Cognitive Visual-Language Mapper: Advancing Multimodal Comprehension with Enhanced Visual Knowledge Alignment

TL;DR

A Cognitive Visual-Language Mapper (CVLM), which contains a pretrained Visual Knowledge Aligner (VKA) and a Fine-grained Knowledge Adapter (FKA) used in the multimodal instruction tuning stage, which significantly improves the performance of LMMs on knowledge-based VQA.

Abstract

Evaluating and Rethinking the current landscape of Large Multimodal Models (LMMs), we observe that widely-used visual-language projection approaches (e.g., Q-former or MLP) focus on the alignment of image-text descriptions yet ignore the visual knowledge-dimension alignment, i.e., connecting visuals to their relevant knowledge. Visual knowledge plays a significant role in analyzing, inferring, and interpreting information from visuals, helping improve the accuracy of answers to knowledge-based visual questions. In this paper, we mainly explore improving LMMs with visual-language knowledge alignment, especially aimed at challenging knowledge-based visual question answering (VQA).
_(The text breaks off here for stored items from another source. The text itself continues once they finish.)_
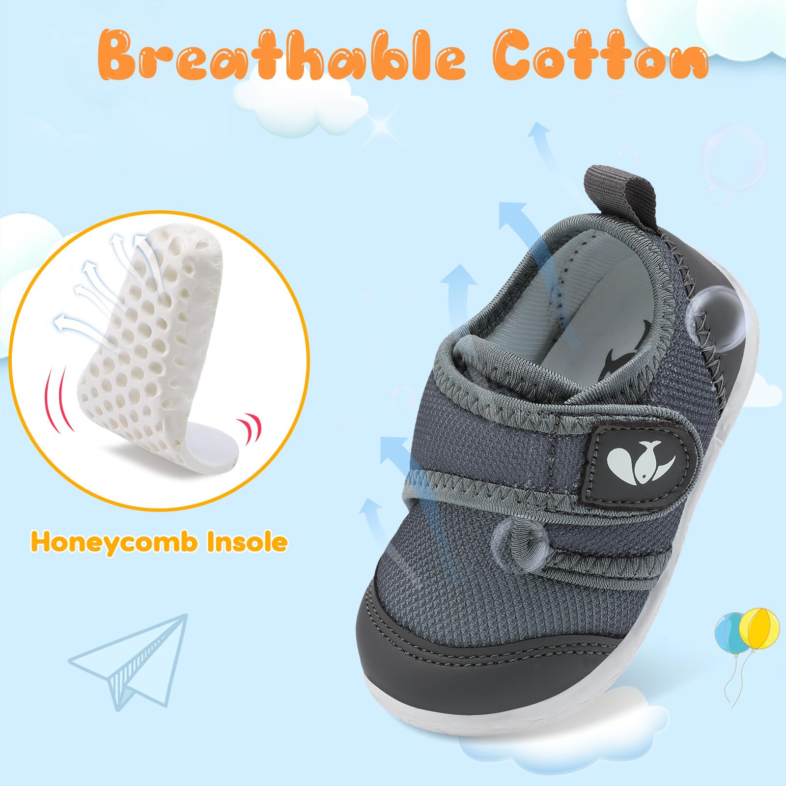 Upper: Premium quality cotton upper, has excellent breathability, moisture wicking function, and keep baby's feet dry and odorless. Super Soft, Breathable and Comfortable fit all the year.
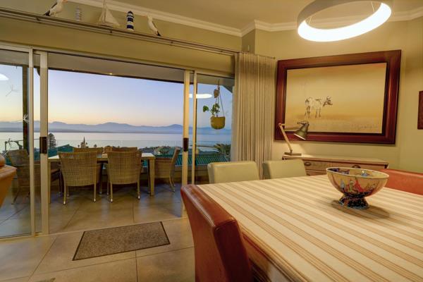 Immaculate home with exquisite ocean and harbor views.. Joint Mandate - This beautifully renovated double-story home in sought-after Mossel Bay Central optimizes the magnificent views of the ocean and Outeniqua Mountains. The home is modern and chic, with sunny north-facing rays brightening and warming the home throughout.
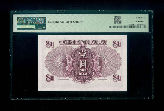 1936 香港政府 $1 PMG 64 EPQ 編號:R676537
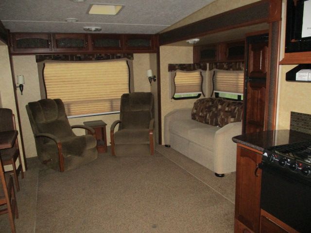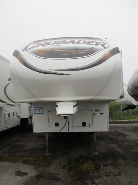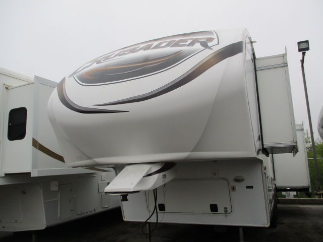 This 2011 Crusader has an Electric Landing Gear, 3 Slide-outs, 1 Ducted Roof A/C, Double Door Refrigerator, Main Awning, CD Radio, Outside Speakers, TV, Outside Shower, Microwave, 3 Burner Range, Oven. Great size fifth wheel for weekending or those long summer vacations. Let's go RVing!
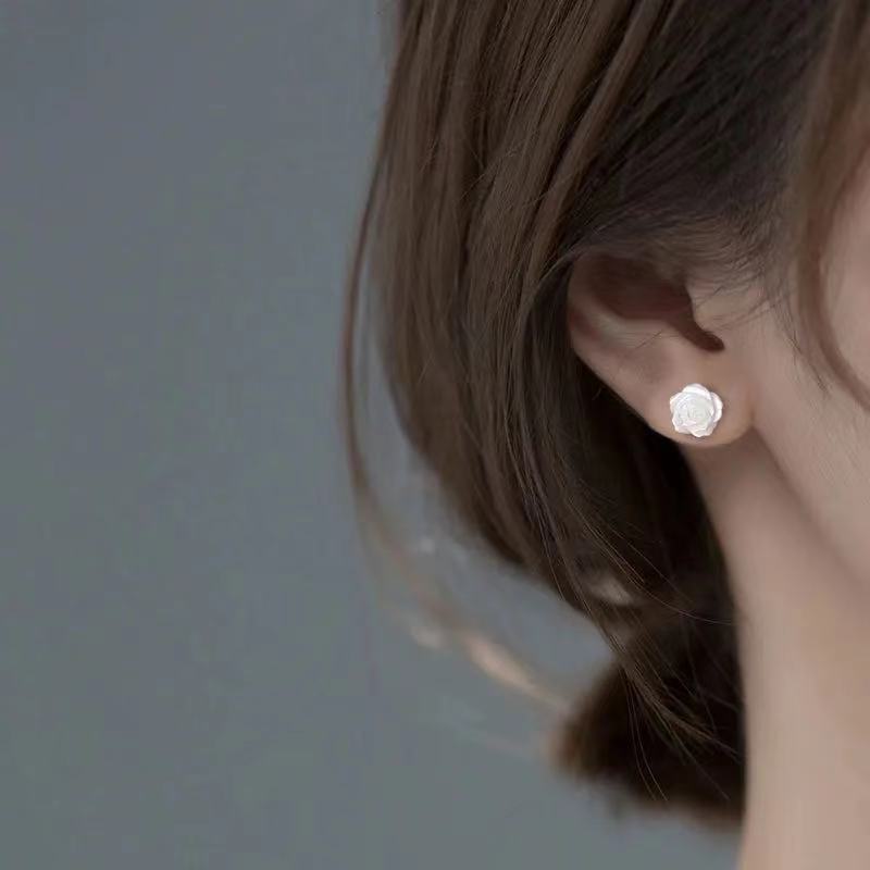 white rose stud earrings
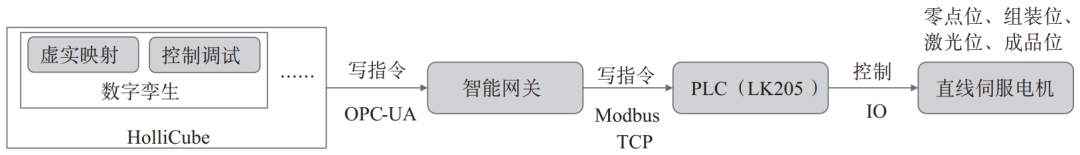 (2)反向控制调试的流程:在操作控制台将智能示范产线由自动模式切换到手动模式,在工业机器人控制柜将其运行模式切换到手动模式,通过在Hollicube上定制开发的Web程序,设定只有管理员账号的访问控制权限,实现远程模拟与调试4台工业机器人,确定合适的逻辑程序后下载到工业机器人。直线伺服电机的远程控制调试逻辑如图6所示。另外,大屏幕上展示的数字孪生效果的上半部分展示了立体库的原材料和加工完成的产品,每个产品可以详细查看其标识信息和生产过程信息。
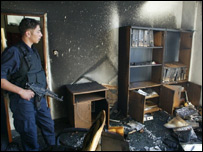 जब इस कार्यालाय में आग लगाई गई तब प्रधानमंत्री इस्माइल हानिया वहां मौजूद नहीं थे. वो उस समय गज़ा पट्टी में थे. गज़ा में हमास और फ़लस्तीनी नेता अब्बास के समर्थकों के बीच हिंसक झड़पें हुई थीं जिसमें दो लोगों की मौत हो गई थी और 15 लोग घायल हो गए थे. ये झड़पें उस समय शुरु हुई जब एक हमास समर्थक का जनाज़ा निकल रहा था. इस घटना के बाद हमास के लड़ाकों ने फ़लस्तीनी सुरक्षा बलों के परिसर पर ग्रेनेड दागे जिसके जवाब में रमल्लाह में संसद और प्रधानमंत्री कार्यालय पर हमला किया गया. | इससे जुड़ी ख़बरें 'अब्बास-हमास के बीच टकराव'11 जून, 2006 | पहला पन्ना ग़ज़ा में इसराइल का बड़ा हवाई हमला08 जून, 2006 | पहला पन्ना 'निर्दोष फ़लस्तीनीयों की मौत की जाँच'22 मई, 2006 | पहला पन्ना हमास रुख़ में बदलाव करे:इसराइल10 मई, 2006 | पहला पन्ना फ़लस्तीनी इलाक़ों में नए सुरक्षाकर्मी17 मई, 2006 | पहला पन्ना हमास अधिकारी से 'बड़ी धनराशि ज़ब्त'19 मई, 2006 | पहला पन्ना फ़लस्तीनी प्रशासन और हमास19 मई, 2006 | पहला पन्ना हमास का एक शीर्ष चरमपंथी गिरफ़्तार23 मई, 2006 | पहला पन्ना | |||||||||||||||||||||||||||||||||||||||||||||||||||||||||||||||||||||||||||||||||||||||||||||
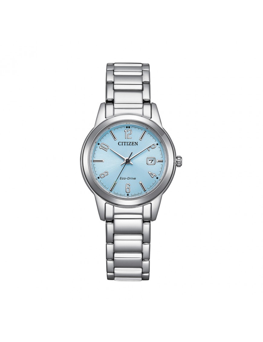 Reloj Citizen Eco Drive para mujer FE1241-71L. La caja es de acero y mide 29,4 mm de diámetro. La esfera es de color azul. La pulsera es del mismo material. Incluye sistema Eco Drive de alimentación solar y calendario. Es sumergible a 10 ATM y tiene tres años de garantía.
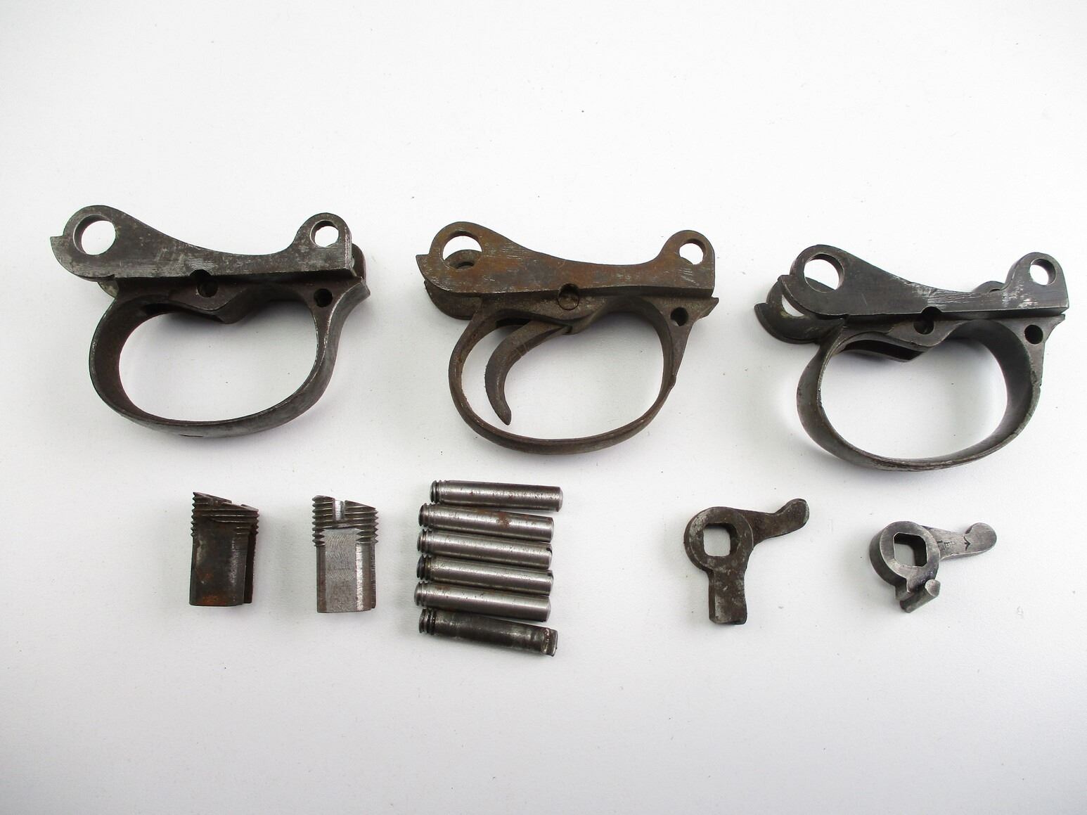 ASSORTED MARTINI HENNERY PARTS , INCLUDES: TRIGGER GUARDS, TIGGER, WITH VARIOUS PINS & OTHER PARTS. LOT MAY CONTAIN DIFFERENT MODELS. MAY REQUIRE FITTING.

To this end, we present a Cognitive Visual-Language Mapper (CVLM), which contains a pretrained Visual Knowledge Aligner (VKA) and a Fine-grained Knowledge Adapter (FKA) used in the multimodal instruction tuning stage. Specifically, we design the VKA based on the interaction between a small language model and a visual encoder, training it on collected image-knowledge pairs to achieve visual knowledge acquisition and projection. FKA is employed to distill the fine-grained visual knowledge of an image and inject it into Large Language Models (LLMs). We conduct extensive experiments on knowledge-based VQA benchmarks and experimental results show that CVLM significantly improves the performance of LMMs on knowledge-based VQA (average gain by 5.0%). Ablation studies also verify the effectiveness of VKA and FKA, respectively. The codes are available at https://github.com/HITsz-TMG/Cognitive-Visual-Language-Mapper

Figures (4)

• Figure 1: It illustrates the performance of LMMs on visual information-seeking questions. The bottom part shows the widely-used architecture of open-source LMMs, where the visual mapping network is usually pretrained on massive image-text captioning data. All LMMs including GPT-4V (Date: 2023.11.17) and Gemini-Pro make incorrect decisions.
• Figure 2: An overview of Cognitive Visual Knowledge Mapper. From top to bottom, it shows 1) Pretraining visual knowledge aligner, where we use a pretrained small language model to interact with image features via the cross attention module; 2) Training visual knowledge aligner with LLM, in which we realize visual knowledge alignment between vision encoder and LLM via the learnable query tokens and linear layer; 3) Overall architecture of CVLM, where we present the fine-grained visual knowledge adapter beyond common visual projection (MLP) and VKA.
• Figure 3: The detailed calculation process of fine-grained visual knowledge adapter, i.e., VKA shown in Figure \ref{['fig:model']}. "Visual + Knowledge" indicates the representation concatenation of an image $\mathbf{h}_{\text{IO}}$ and its relevant knowledge projection $\mathbf{h}_{\text{KO}}$.
• Figure 4: Three cases illustrate the comparative performances of CVLM and other models. Red words represent the correct answer and the purple words show the inaccurate response.